Anche per questo, l’Ungheria esprime una netta divergenza sul piano finanziario. Polonia e Ungheria si erano opposte al bilancio pluriennale l’8 dicembre 2020, e avevano dovuto poi votarlo pena la loro esclusione dal Recovery Plan attraverso il meccanismo della “cooperazione rafforzata”. Anche sulla ratifica da parte degli Stati membri del meccanismo delle “risorse proprie” – necessario per il Recovery – l’Ungheria tergiversa. Secondo l’ultimo rapporto di avanzamento, è più arretrata degli ultimi quattro Stati membri: ci sono le date di Austria e Romania, tra maggio e giugno, i Paesi Bassi l’hanno approvata nella Camera bassa, il parlamento di Orbàn ancora “la sta esaminando”.

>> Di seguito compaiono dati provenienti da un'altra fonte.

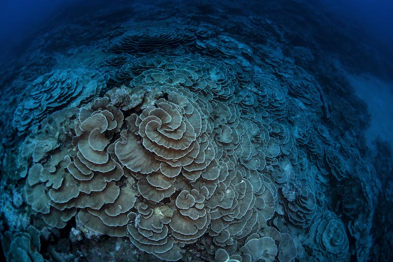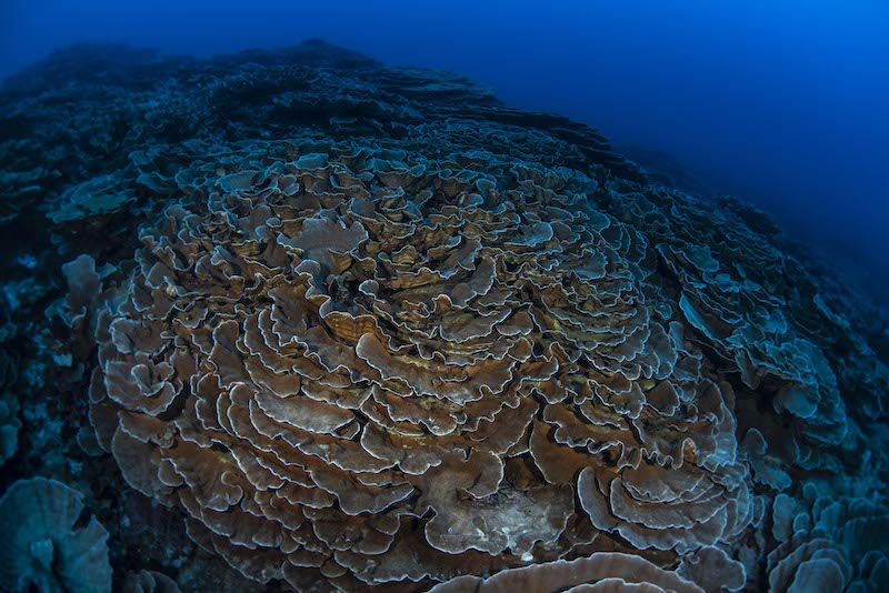 “Ah non pas du tout, en fait c'est vraiment dans la continuité du récif. En fait, vous vous mettez à l'eau, là où les vagues se cassent au niveau du récif de surface. Et vous longez la topographie du fond. Vous allez passer par un plateau et à partir de là ça continue à descendre tout doucement. Et à 30 mètres, vous avez ce champ qui s'étend devant vous. Donc, on est dans la continuité du récif corallien. Et c'est ça qui est assez intéressant parce que finalement, même nous, scientifiques, nous ne connaissons pas si bien les récifs coralliens. Nous nous sommes beaucoup attachés à étudier la zone de 0 à 20 mètres parce que c'est plus facile pour travailler, parce qu'en termes de plongée on peut y rester très longtemps. On peut développer plein de protocoles scientifiques… Et dès qu'on descend sous les 30 mètres, on ne peut pas rester longtemps, donc on ne l'a pas vraiment étudié. Mais ce qu'on pense, c'est que plus on va descendre dans ces profondeurs-là, plus on va découvrir potentiellement plein d'autres zones coralliennes du même type. Aujourd'hui j'ai envie de dire que ce site est original, parce qu'on ne connaît pas non plus finalement les récifs coralliens qui sont situés en-dessous des 30 mètres.”

L’affastellarsi di divergenze si è acuito nelle ultime settimane, ma sono del 18 maggio quella sul cessate il fuoco in Israele e Palestina e del 20 maggio quelle sui vaccini e sull’Accordo di Cotonou, proprio alla vigilia del Consiglio europeo.

La postura ungherese su Cotonou in particolare è risultata ancora più incomprensibile di altre, visto che si tratta di modifiche modeste, e che la discussione era stata ampiamente completata. A meno che non si tratti del passaggio su un piano diverso, di aperto e irrimediabile contrasto.